Sean:
Hi Everyone. Sama and I are in a small village called Thulo Syabhu, which is in the northern part of Nepal, close to Tibet. As I write this I'm in front of a window with a beautiful view of mountains that are actually in Tibet. Being only a couple of hours walk from the nearest road, its the first place we've come to that has internet. It's near the base of the Langtang river valley with fantastic views and is a nice change from the cold of the high altitudes. The people in this village are Tamangs, of mainly Tibetan descent. We have just spent 6 days walking here from Sundarijal, just outside of Kathmandu. We left most of our gear (and our bikes, obviously) behind and have just been carrying the bare essentials. We decided to do it without a guide or porter, and have met quite a few others doing the same thing (mainly Europeans) and formed some nice relationships with those going in the same direction, exchanging tales in the evenings. We've also met plenty of Nepalis of course, who are for the most part very friendly and open. Often its for the purpose of confirming we're heading in the right direction. There are lots of forks in the path and none of those nicely painted signs or painted rocks you get in Germany, just yesterday's footprints if it hasn't rained and a few biscuit and chocolate bar wrappers.

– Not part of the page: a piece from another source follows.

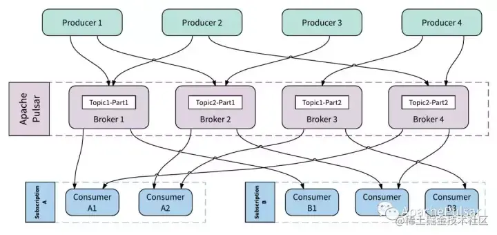 每个主题分区(Topic Partition)由Pulsar分配给某个Broker,该Broker称为该主题分区的所有者。 Pulsar生产者和消费者连接到主题分区的所有者Broker,以向所有者代理发送消息并消费消息。

The path we have been on has been a very up and down one, taking us to gradually higher and higher levels, and finally over a 4660metre pass before descending to Gosaikunda Lake, which is a sacred pilgrimage place for Hindus. It was also sub freezing, and by far our coldest night so far. It also got a bit difficult to acclimatise to the lower oxygen levels going up, with plenty of stops to catch breath during the last thousand metres or so. The views on the way down were magnificent, lots of snow capped peaks, deep valleys, waterfalls, etc, and nicely spaced tea houses. The great thing about trekking here is you hardly need to carry anything as there are lots of lodges with warm beds (and with surprisingly comprehensive menus) although some groups seem to have lots of gear and incredibly overloaded porters. Also, although there are quite a lot of young people trekking, just as many or possibly more would be between 45 and 60, but sometimes older, which surprised me, maybe I'm a bit ageist. But its great to see that we still have lots of trekking time ahead of us. Sama calls them CUBBWETES, which stands for cashed up baby boomers with expensive trekking equipment. Okay, that's all for now, we have some great photos, but uploading them would take a week on this internet speed. I pinched the yak photo above from an internet site, just to put you in the mooood.